## Task description
Output only the lines below from the one holding "用减淡和加深工具( O)与中间色调范围和曝光约15-20 %" down to the one holding "中证智能财讯江苏博云(301", both end lines included and every picture dropped.

## Information shown
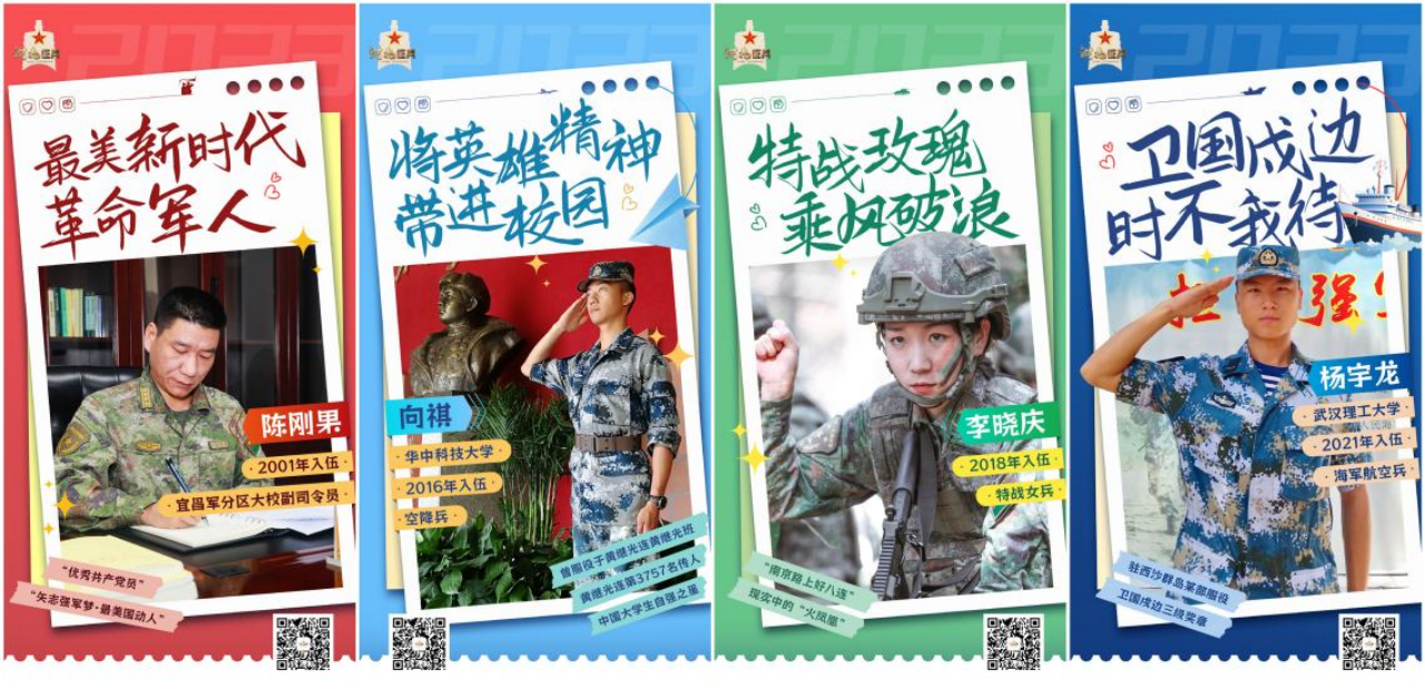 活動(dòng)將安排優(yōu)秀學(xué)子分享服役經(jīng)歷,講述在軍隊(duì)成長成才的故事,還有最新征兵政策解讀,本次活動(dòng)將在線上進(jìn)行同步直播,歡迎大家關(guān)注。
* * *
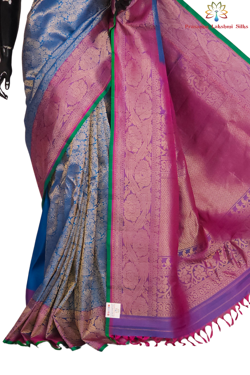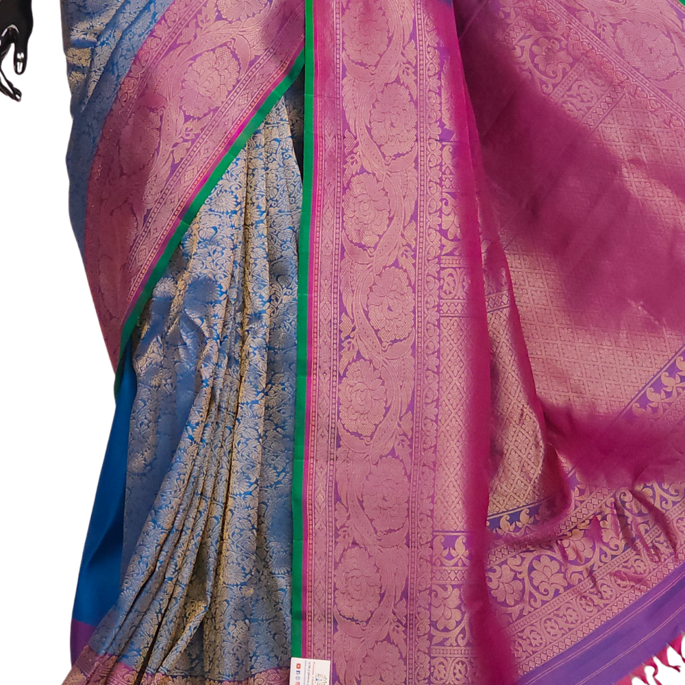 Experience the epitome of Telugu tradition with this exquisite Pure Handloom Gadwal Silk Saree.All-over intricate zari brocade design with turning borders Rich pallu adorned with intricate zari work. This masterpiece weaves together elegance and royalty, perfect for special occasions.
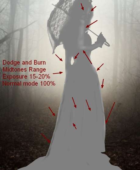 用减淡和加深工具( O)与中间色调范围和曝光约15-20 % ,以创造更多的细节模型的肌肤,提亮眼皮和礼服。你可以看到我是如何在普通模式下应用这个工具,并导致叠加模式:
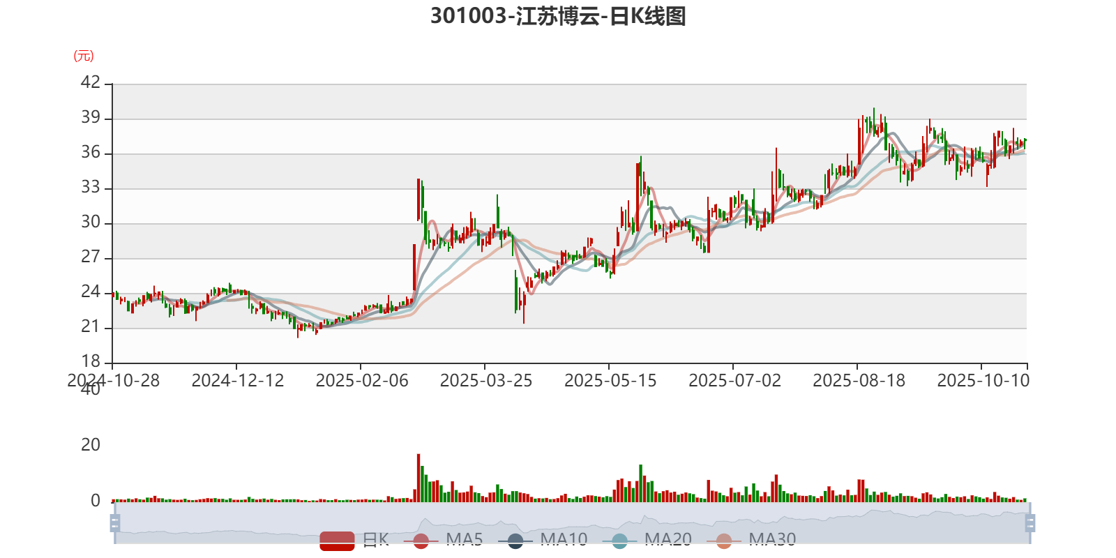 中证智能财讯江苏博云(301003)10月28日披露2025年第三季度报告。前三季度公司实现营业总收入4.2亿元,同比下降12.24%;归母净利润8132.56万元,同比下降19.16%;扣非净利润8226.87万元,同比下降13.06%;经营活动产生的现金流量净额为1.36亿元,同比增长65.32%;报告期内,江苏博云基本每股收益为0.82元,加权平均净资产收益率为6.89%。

## Answer section
 用减淡和加深工具( O)与中间色调范围和曝光约15-20 % ,以创造更多的细节模型的肌肤,提亮眼皮和礼服。你可以看到我是如何在普通模式下应用这个工具,并导致叠加模式:
 中证智能财讯江苏博云(301003)10月28日披露2025年第三季度报告。前三季度公司实现营业总收入4.2亿元,同比下降12.24%;归母净利润8132.56万元,同比下降19.16%;扣非净利润8226.87万元,同比下降13.06%;经营活动产生的现金流量净额为1.36亿元,同比增长65.32%;报告期内,江苏博云基本每股收益为0.82元,加权平均净资产收益率为6.89%。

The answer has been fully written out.